Preparation of mouse arterial cryosections

Following induction of anesthesia, mice were sacrificed by cervical dislocation. The vasculature was flushed of blood by cutting the right atrium, followed by slow injection of 10 mL of PBS into the left ventricle. Perivascular adipose was removed from arterial tissues, including aortic root, brachiocephalic artery and aortic arch, before fixation in 4% PFA in PBS overnight at 4 °C. Tissues were cryopreserved through a sucrose gradient, followed by a 1 h incubation in a 50:50 solution of 30% sucrose:OCT compound. Tissues were then snap-frozen in 100% OCT compound before cryosectioning into 7um-thick sections for spatial localization assays.

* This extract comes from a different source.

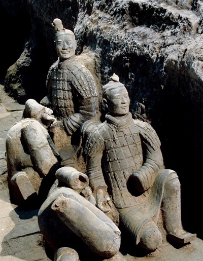 “由于秦末时期,农民起义军攻打到关中以后,他们对陪葬坑进行了焚毁,导致土木结构的坑道垮塌,陶俑受到损坏。”因此造成了现在“残兵”的现状。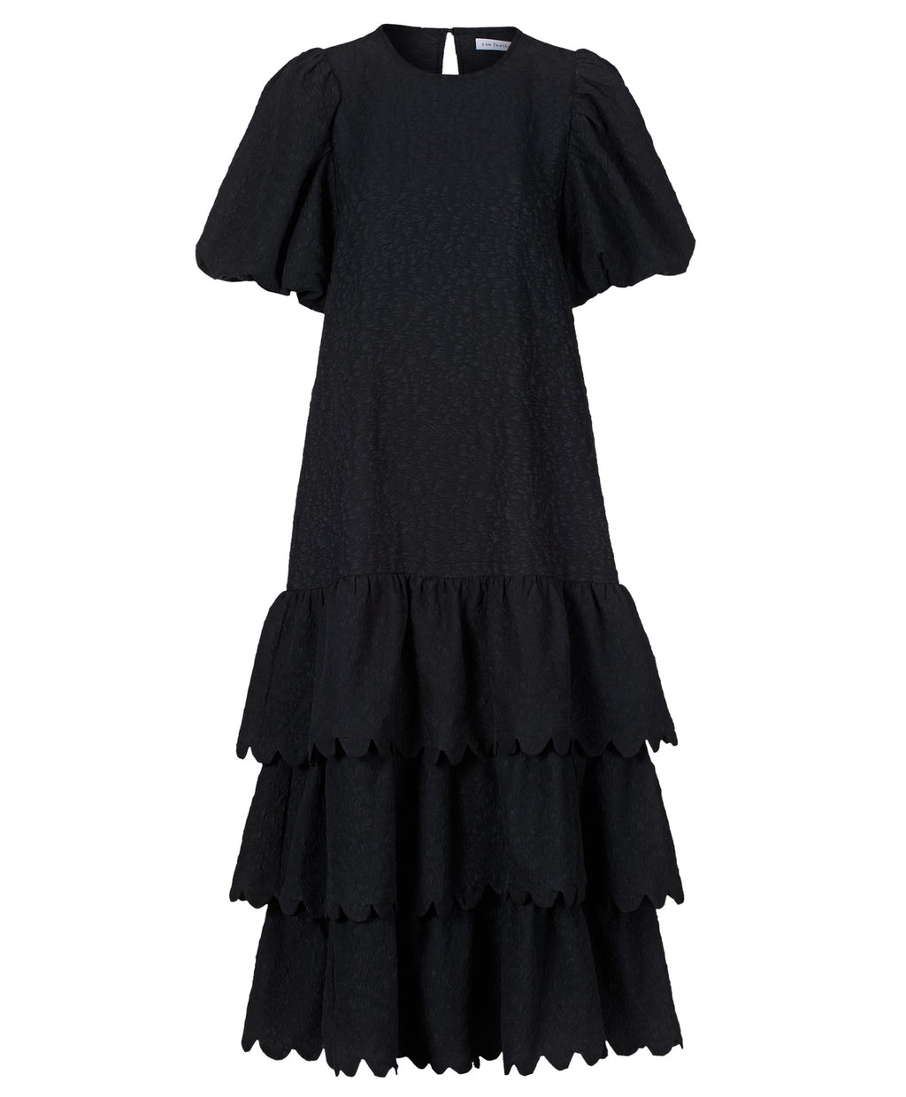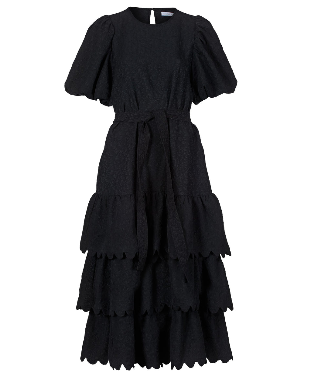 The Penelope Dress is a modern classic with a playful edge. In sleek black with a tie belt, this A-line silhouette features scalloped edge frills for a soft, feminine touch, while puff sleeves add just the right amount of drama. Perfect for day-to-night dressing, it’s an effortless go-to for any occasion.

In situ marker localization assays

IHC was performed according to standard protocol. Primary antibodies: Anti-SM22alpha (Tagln) rabbit polyclonal primary antibody (1:300 dilution; 3.3 μg/mL; ab14106; Abcam), CNN1 rabbit monoclonal antibody (1:400 dilution; absolute concentration unspecified; Origene TA327614). Secondary: Rabbit-on-Rodent HRP Polymer (RMR622; Biocare Medical). The processed sections were visualized using a Leica DM5500 microscope, and images were obtained using Leica Application Suite X software. For RNAscope, slides were processed according to the manufacturer’s instructions, and all reagents were obtained from ACD Bio. Slides were washed once in PBS, then immersed in 1× Target Retrieval reagent at 100 °C for 5 min. Slides were washed twice in deionized water, immersed in 100% ethanol and air dried, and sections were encircled with a liquid-blocking pen. Sections were incubated with Protease III reagent for 30 min at 40 °C, then washed twice with deionized water. Sections were incubated with probes against specified endothelial, valve and smooth muscle markers or a negative control probe for 2 h at 40 °C. colorimetric assays were performed per the manufacturer’s instructions. Representative images were chosen based on repeated patterns of staining for at least > 5 independent biological replicates.

Statistical Methods

Statistical significance of differentially expressed marker genes across different clusters was identified using the Wilcoxon rank-sum test.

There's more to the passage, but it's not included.